He plunged on in this style, and in a way Stern wanted him to continue all night, because he knew that when Battleby stopped, he would have to put on his jacket and go to the train. He wanted, though, to stop Battleby and talk to him about the kike man, but he was afraid to cut him off for fear of being thought anti-Negro. Because he was so embarrassed about his cowardice, he never really talked to anyone about the man down the street, and Battleby seemed a good person to talk to. Who could he repeat it to? A bunch of people up in Harlem? As Battleby went on about his achievements and the people who thought his work was fine, Stern wondered if he could get Battleby to stop being an intellectual for a second and tell Stern some special Negro things about kicking prejudiced people in the guts. He liked his friend's work, though he thought that Battleby used too many browns, tossing them in inappropriately for ocean scenes, and that the paintings, if inhaled, would even smell a little Negro. He had a strong interest in Battleby's work, and yet another of his reasons for having Battleby as a friend was that down deep he felt he could count on the Negro to hide him from the police in a teeming Harlem flat if ever he were to kill someone. He hoped, too, though he could never suggest this, that Battleby would one night furnish him with supple-bodied Negro girls of Olympian sexual skills who would scream with abandon when Stern bit them gently. And now, as Battleby droned on, he even dared to hope that when he told Battleby of his predicament, the Negro would fling off his horn-rims and fill an open-cab truck with twenty bat-carrying Negro middle-weights, bare to the waist and glistening with perfect musculature. Then Battleby would drive them at great speed to Stern's town to do a job on the man down the street, the pack of them entering the man's house swiftly and letting him have it about the head.
The next time Battleby paused for breath, Stern said, "I don't feel so good. I've got to go away for a while. Look, we never talk, but I've got to talk to someone. Something happened to me out where I live. A guy did this to me because I'm Jewish. You probably run into a lot of Negro things. We never talked about stuff like this before, but I thought we could now."
Battleby fidgeted on his chair and gulped for air, blinking at Stern incredulously, as if to say, "You don't understand. The conversation is about me. I talk about things that have happened to me, and I don't get into other things."
Battleby said: "I've got some crucifixion oils I'd love for you to see. Real giant things with a powerful religious quality. I don't see how I was able to come up with them."

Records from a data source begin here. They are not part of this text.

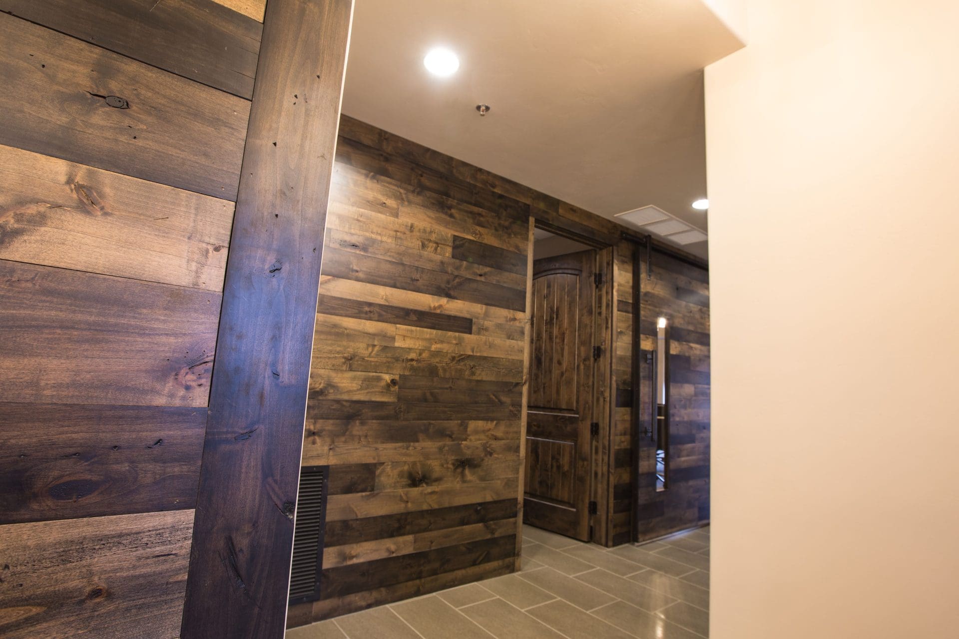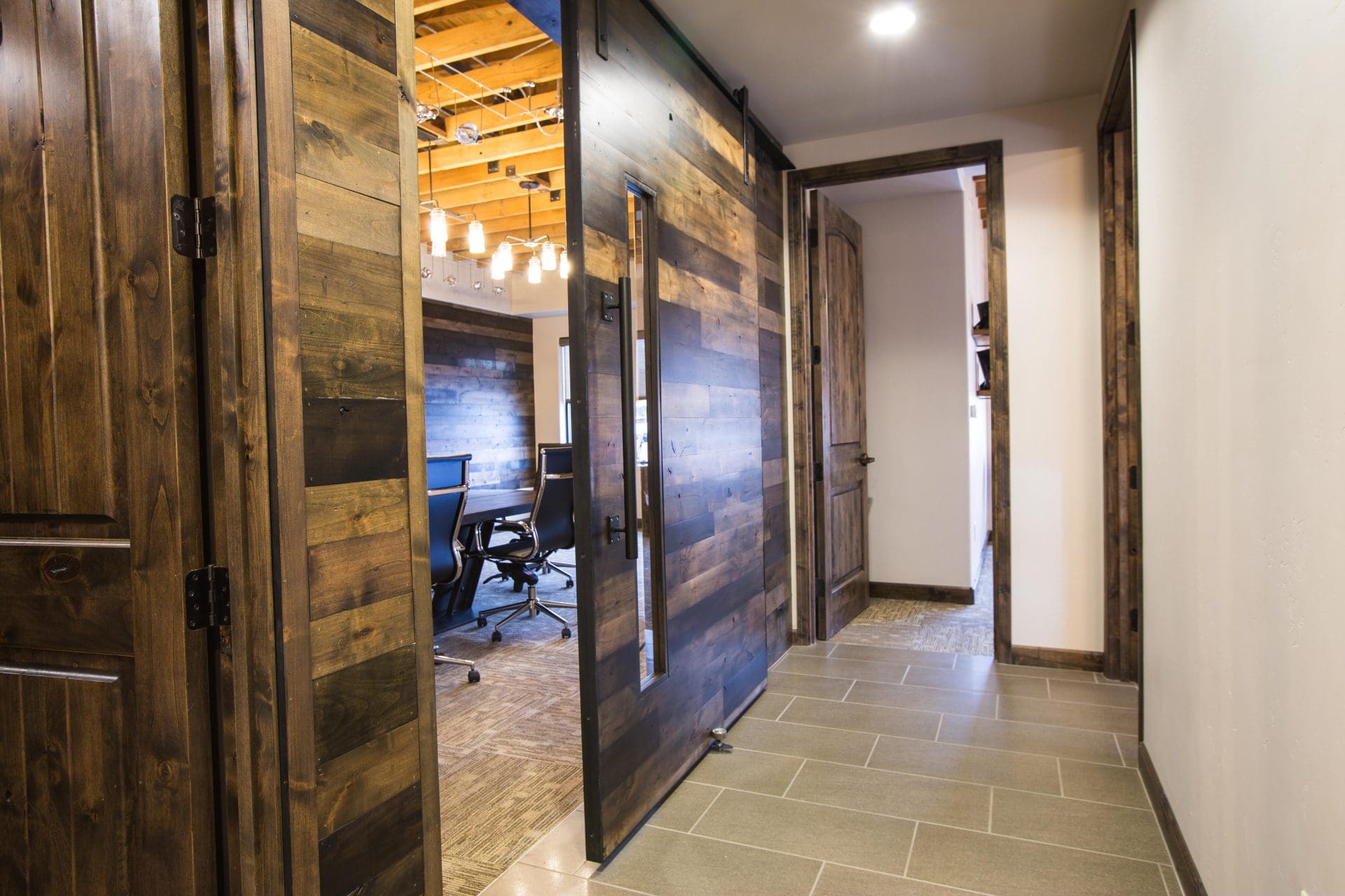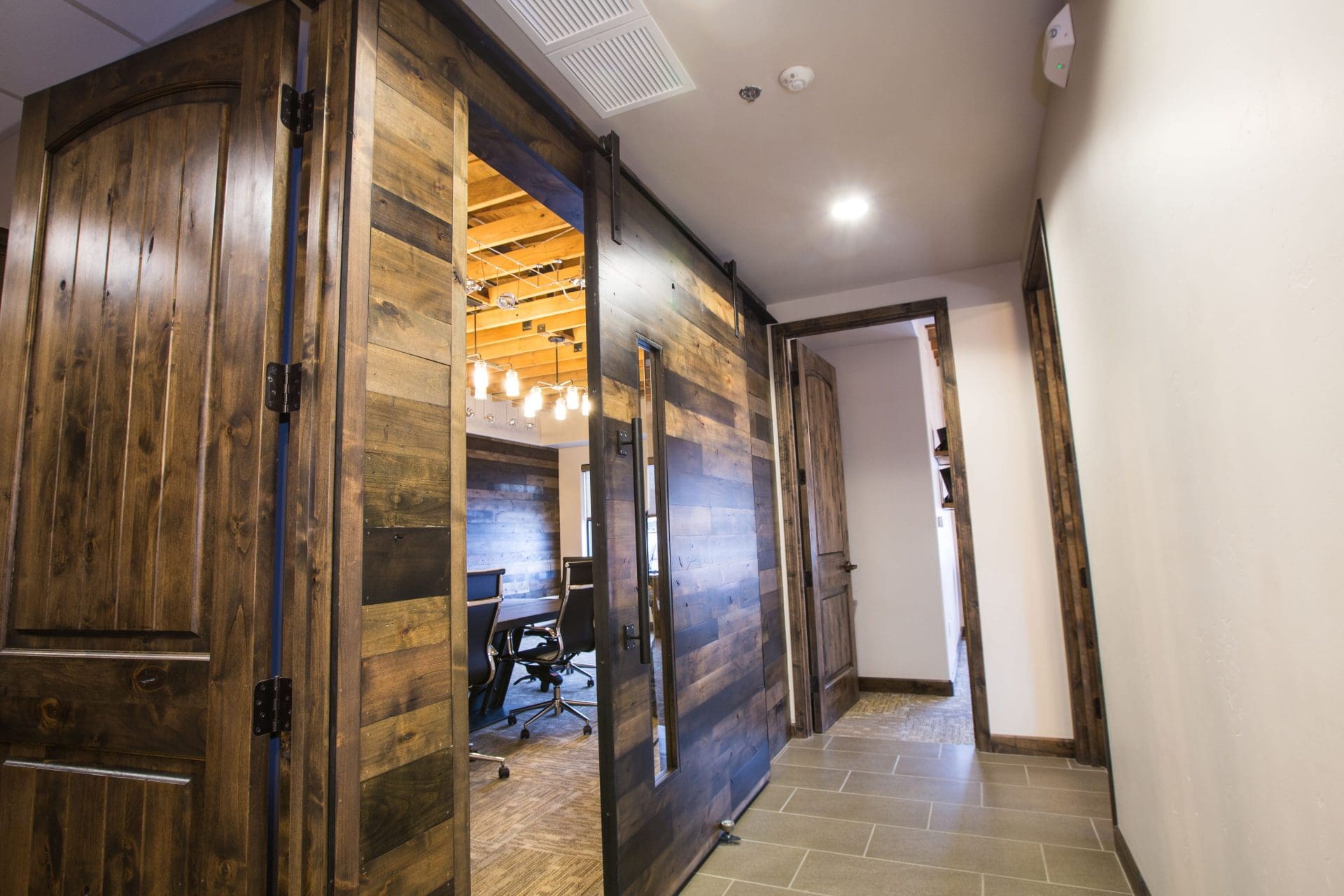 The Spencer Companies needed a nice door to close off the conference room in their new space. This one matches the same 3-tone coloration of the walls and cabinetry in the space and has a vertical viewing window near the custom modern handle of the door. You’ll see other Porter Barn Wood builds in these photos as well.
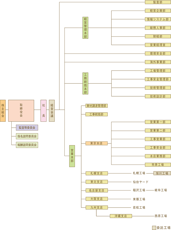 丸建リースの組織は、全ての部門が有機的に結合され、お客様の多種多様なニーズに、迅速・正確・安全にお応えする事を基本としています。そしてつねに相互に綿密なコミュニケーションを図りながら的確に判断し、対応するプロフェッショナルな組織になっています。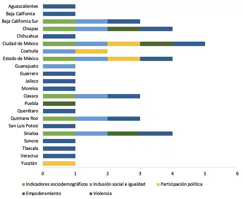 En la Gráfica 1 mostramos los rubros de información presentes en cada uno de los institutos revisados. Lo primero que salta a la vista es que sólo ocho de las 32 instituciones locales destinadas a impulsar la igualdad de género publicitan información desagregada por sexo sobre dos o más de los indicadores con perspectiva de género seleccionados, y sólo una —la Secretaría de las Mujeres de la Ciudad de México— tiene información de los cinco indicadores. En cambio, diez de ellas no difunden información diferenciada entre hombres y mujeres, y once de las catorce entidades sólo lo hacen sobre el indicador que refiere a la existencia de “alertas de género”.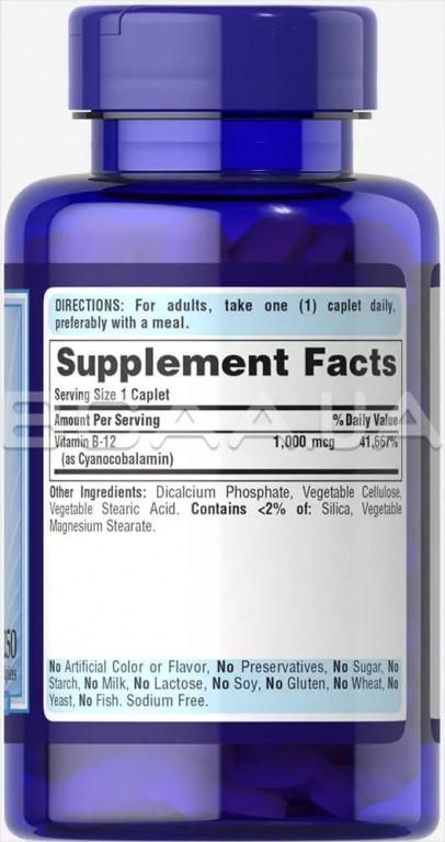 Vitamin B–12 1000 mcg Timed Release 250 Caplets рекомендований вегетаріанцям і людям, старше 50 років, оскільки з віком процес засвоєння В12 протікає складніше.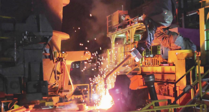 说起钢铁厂,大家脑子里浮现的生产场景就是全副武装的钢铁工人,面对一千多摄氏度高温的钢水挥汗如雨、钢花飞溅……钢铁就是这样炼成的。但在中南钢铁股份有限公司(以下简称中南股份)4#板坯连铸全流程智能一键浇钢平台现场,一切都可颠覆你的想象。这套全流程智能一键浇钢系统真正实现了从钢水上连铸回转台到钢坯生成的全流程一键贯通,整个浇铸过程仅需操作人员在操作室远程监护即可,让工人真正远离高温、恶劣的现场环境,彻底打破了人们对传统连铸浇钢方式的认知。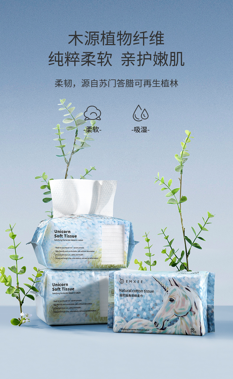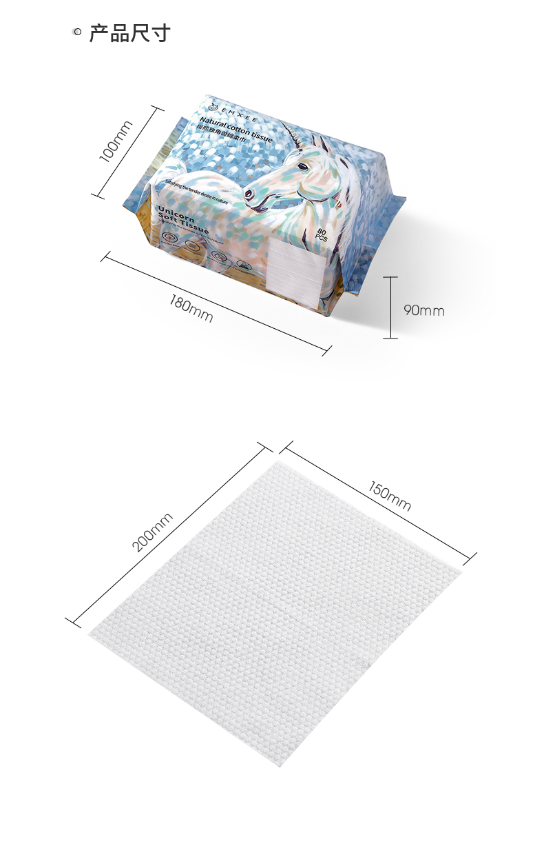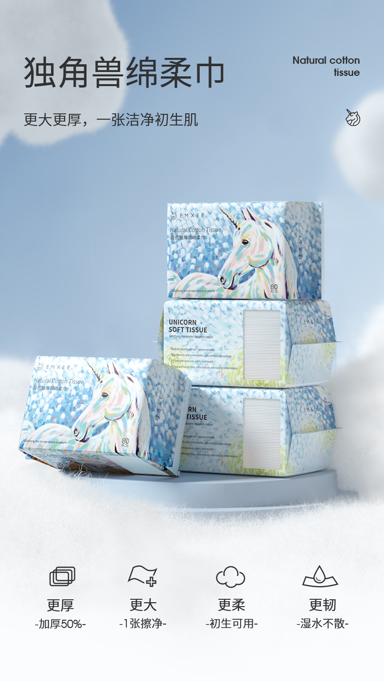EMXEE嫚熙独角兽绵柔巾婴儿成人洗脸巾干湿两用宝宝非湿巾纸棉柔巾4包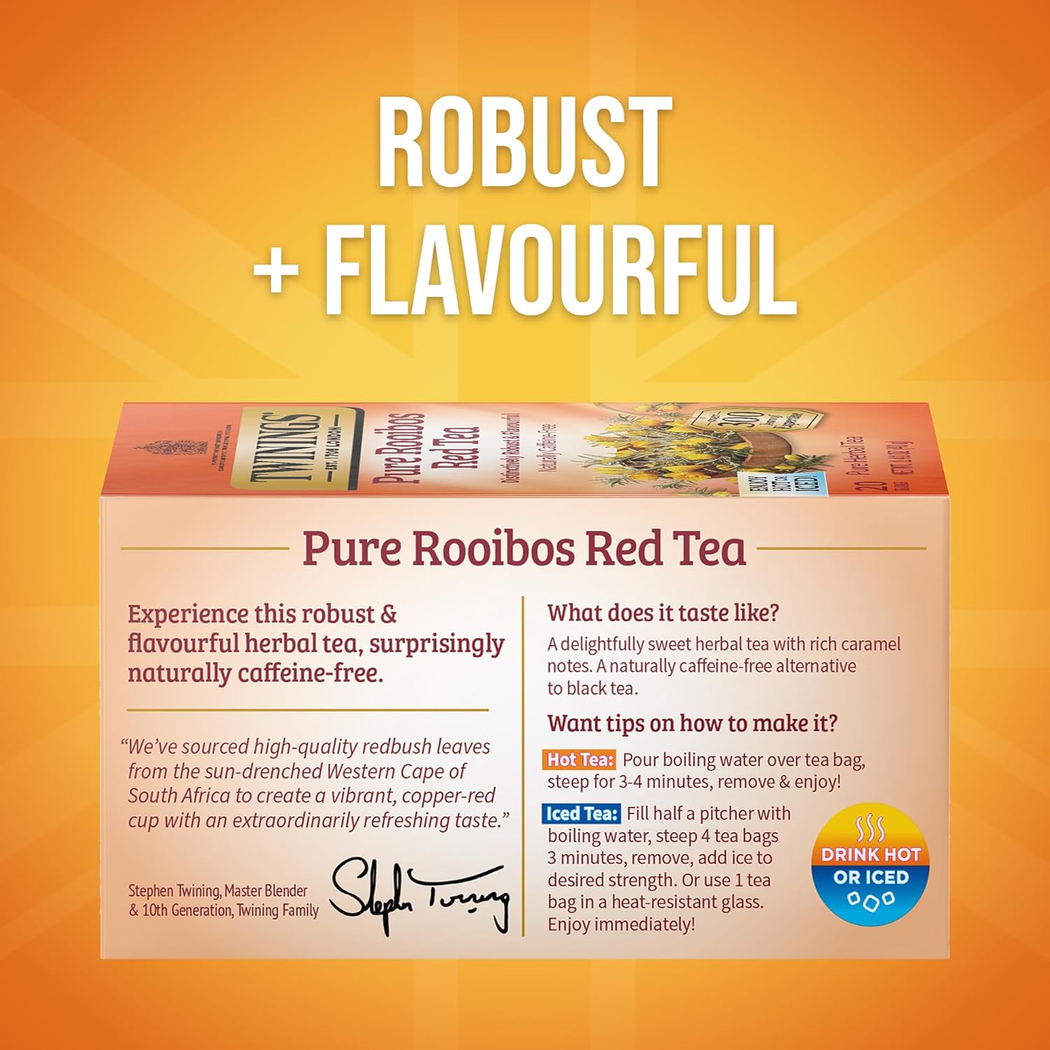 Twinings Pure Rooibos Red Herbal Tea Individually Wrapped Bags, 20 Count (Pack of 1), Sweet with Uplifting Aroma, Naturally Caffeine-Free, Enjoy Hot or Iced, 20 Teabags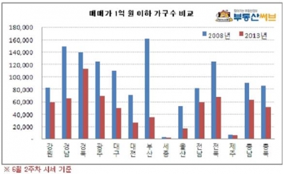 부동산정보업체 부동산써브가 6월 2주차 시세를 기준으로 매매가 1억원 이하 아파트 가구수를 비교한 결과 2008년 128만7048가구에서 2013년 68만6427가구로 60만621가구가 줄어든 것으로 나타났다. 이는 2008년 이후 5년 동안 47%가 줄어든 수치다.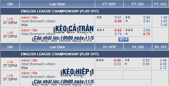 AEGoal.net chốt kèo trực tiếp trận Aston Villa vs West Brom diễn ra lúc 18h30 ngày 11/5 sau khi dựa trên tính toán, chuyển động về kèo châu Á và đội hình ra sân của 2 đội.
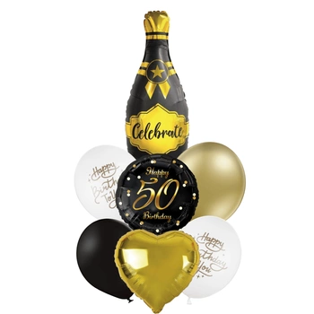 Bukiet balonów na 50 URODZINY z szampanem - opcja hel

"No, I mean it," Stern said. "I have to talk to someone. What happened is that this guy got my wife down and looked inside her legs and she wasn't wearing anything. This is no fun for me to say, believe me. Then he said kike at her, and the worst thing is I never did anything about it. My kid was standing there. I walked over, but I didn't do anything, and now I'm sick and have to take off for a while. You probably run into a lot of Negro things like that."
A change seemed to come over Battleby now. It was as though he'd been hoping Stern would never get into personal affairs, but now that he had, he wasn't going to let his old friend down. He took off his glasses, wiped them, and began to gulp and shake his head, as though what he were about to say was so true and real he could hardly get it out. Then, in a voice that had all the patience and tolerance of an entire race of long-suffering Negroes, he said, "You have got to abstract yourself so that you present a faceless picture to society."
"We all do," said Battleby, shaking his head and replacing his horn-rims. "Every one of us do."
Stern, puzzled, but afraid that if he asked for elaboration, Battleby would find him anti-Negro, said, "All right. I'm going to start doing that thing right away."
"Good," said Battleby, rising to leave. "I'll call you as various things on me come up." And Stern, heartsick that he had not asked about the truckload of middle-weights, watched the heavy-necked Negro intellectual fly down the hall.
Talking to Battleby, Stern had not thought about his stomach, but now he touched it tentatively and a cloudburst of pain washed upward from his feet and filled his ribs. It was as though a sleeping ulcer had been annoyed and now waited within him, angry, red-eyed, and vengeance-seeking. It did not seem possible that such a large mass of terribleness could be cleared up without "going in," and Stern was certain Fabiola was wrong after all. He imagined a scene in which a thin-lipped gentile surgeon would deftly slice down several layers inside him and then, after furtively looking about to see that no one was watching, reach in and pluck out fistfuls of things Stern vitally needed. The gentile would then sew him up, leaving Stern four more years of life, in order to avert suspicion.